Last Wednesday, the government set a global precedent with its Climate Change Response Bill, also referred to as the Zero Carbon bill, which aims to help limit the global average temperature increase to 1.5° Celsius over the next 30 years.

 

This goal, set out in the bill, seeks to “strike a balance between flexibility and prescription in New Zealand’s long-term transition”.

 

Its “split gases approach” treats long-lived gases (such as carbon dioxide and nitrous oxide) differently to short-lived gases (e.g. methane).

 

All greenhouse gas emissions, aside from methane, will need to be reduced to net zero by January 1, 2050. The reduction target for methane, which primarily comes from the agricultural industry, is 10% by 2030.  

 

Climate change professor David Frame said that New Zealand is world-leading in its split gases approach.

 

“Carbon dioxide and nitrous oxide continue to warm as long as you’re omitting any of them, but if methane emissions decline then they’re cooling the climate.

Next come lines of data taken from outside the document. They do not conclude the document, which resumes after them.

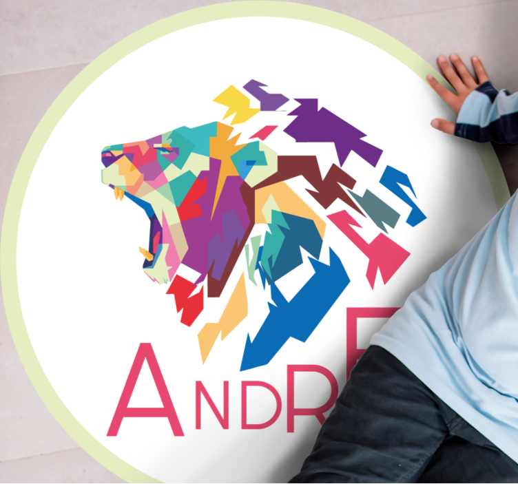 The Colorful Lion Personalization custom vinyl rug features a captivating and vibrant design, showcasing a polyangular lion in a colorful and customizable format. Personalize this rug with your name or text for a unique touch!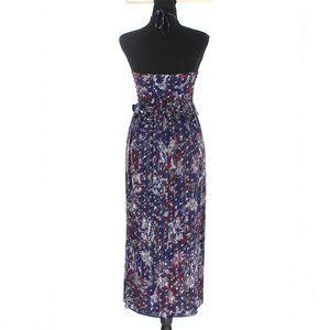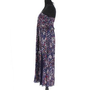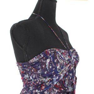 IRO Samov Navy Paisley Silver Metallic Halter Dress 42 Front Panel Midi Large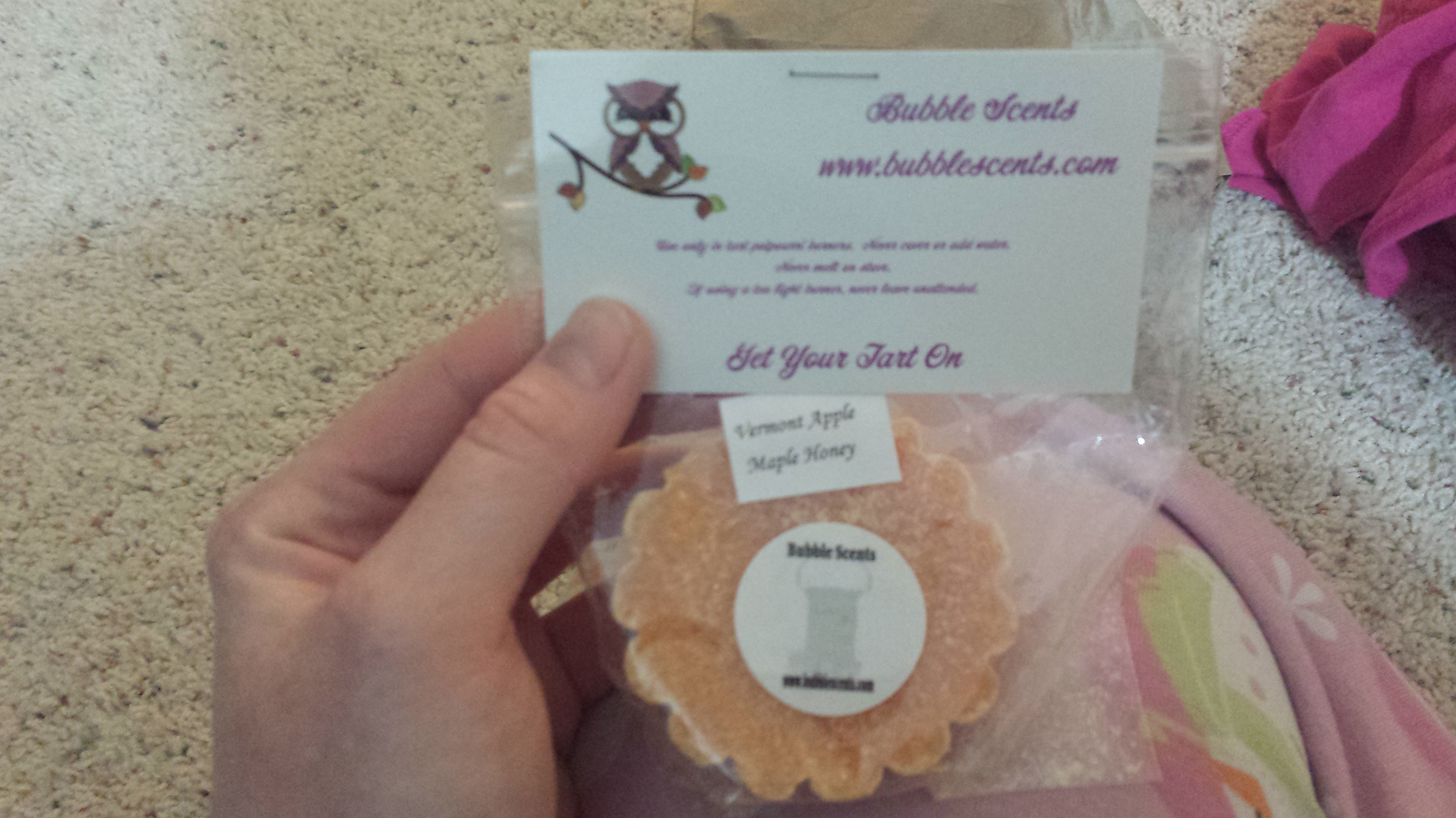 Vermont Apple maple honey wax melt. Smells good. Reminds me off fall. “Get your tart on.”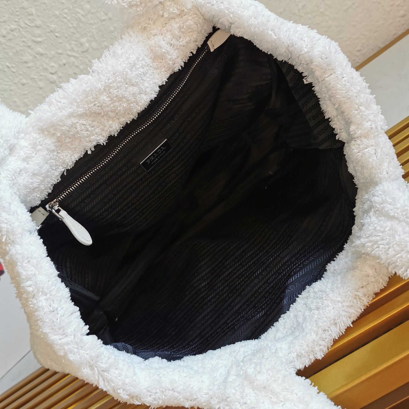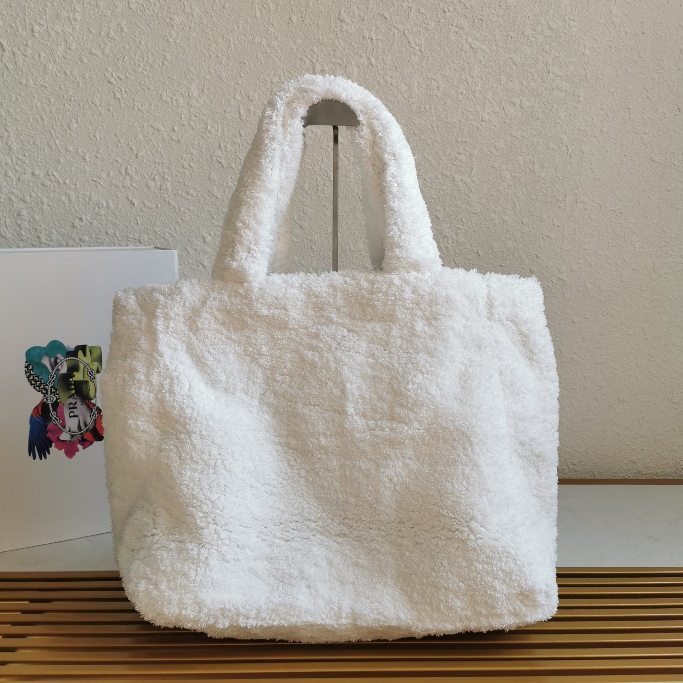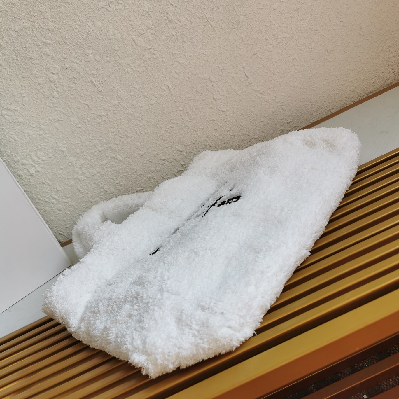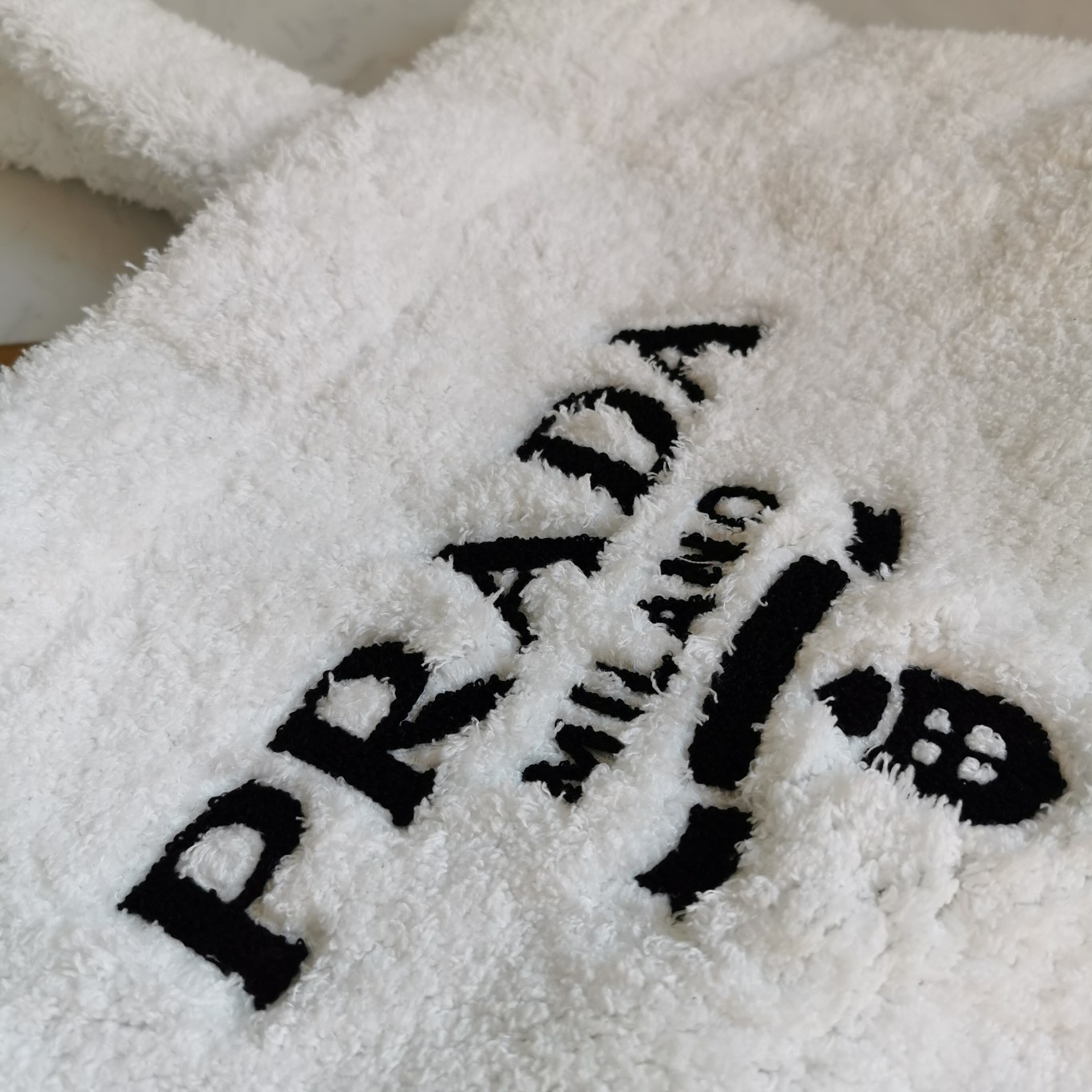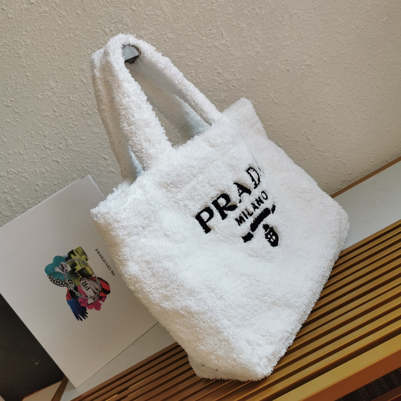 【Top-grade Original】Fluffy Tote Bag, this tote bag is crafted from soft plush loop fabric, presenting a dynamic color contrast and playful design style, exuding a summer vibe. The iconic oversized embroidered logo embellishes the front of the bag, showcasing the brand’s style. It looks great when carried by hand or under the arm, so hurry up and buy it.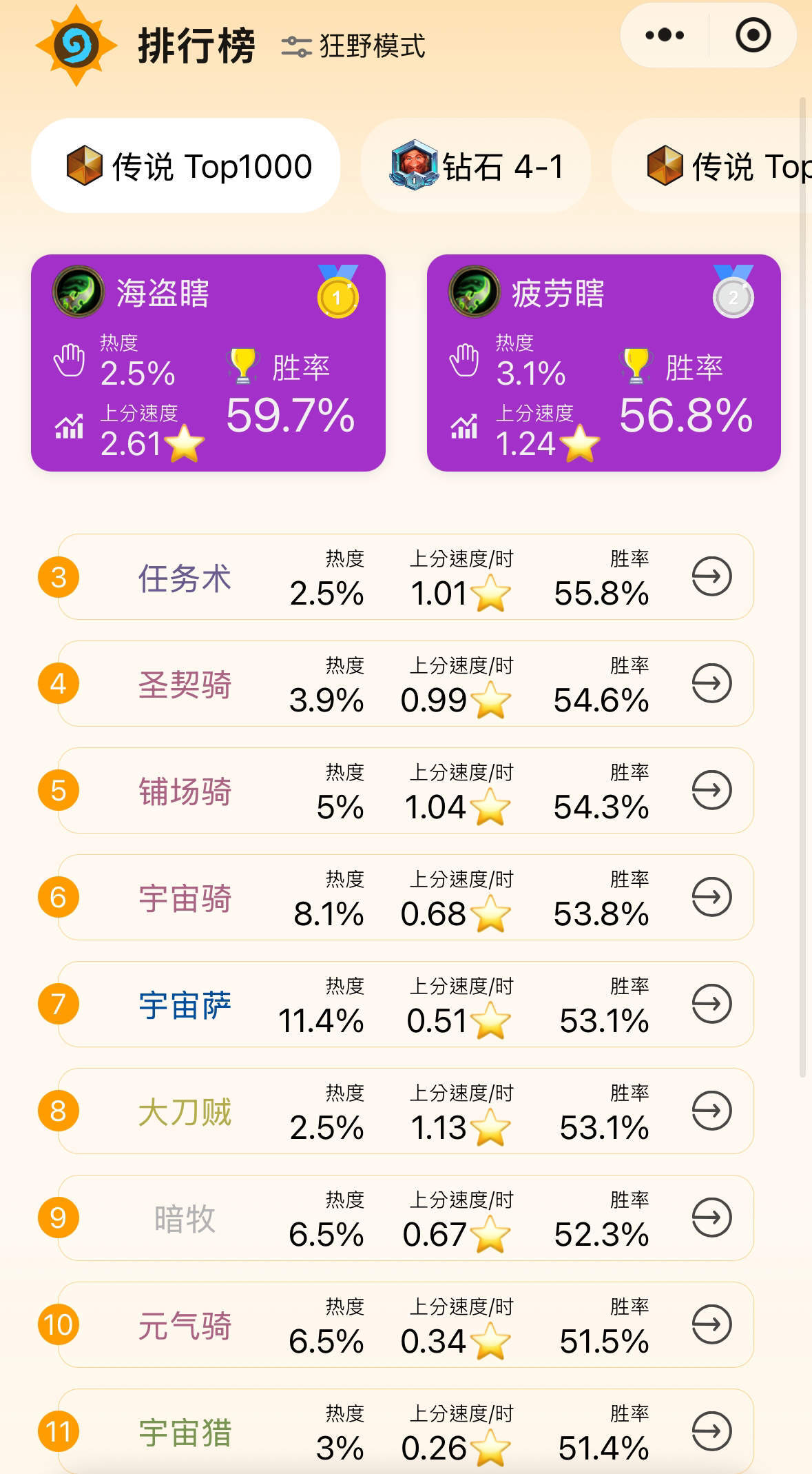 驴子网 03/28 前一千分段 狂野数据 (微信小程序HS卡牌大师):

So they’re undoing previous warming.”

 

Spokespeople from organisations like Federated Farmers and Beef + Lamb New Zealand are calling the methane goals unfair and unreasonable.

 

Frame agrees that the farmers have a good point, “We haven’t really had a public burden-sharing conversation, so farmers will be asked not just to stop their warming from methane, […]  but they’re going to be asked to mask everyone else’s’ warming, while everyone else is still driving cars and flying airplanes.”

 

Jason Young, Political Science and International Relations Professor, said that it’s important for advocates of the bill to continue pressuring these sanctions on individual industries.

 

“If the regulatory framework is robust and has teeth, New Zealand business will adapt and seize the domestic and international opportunities sustainable business presents.”

 

“There is a legitimate conversation to be had about what the sea of balance is between sectoral efforts to combat climate change,” said Frame.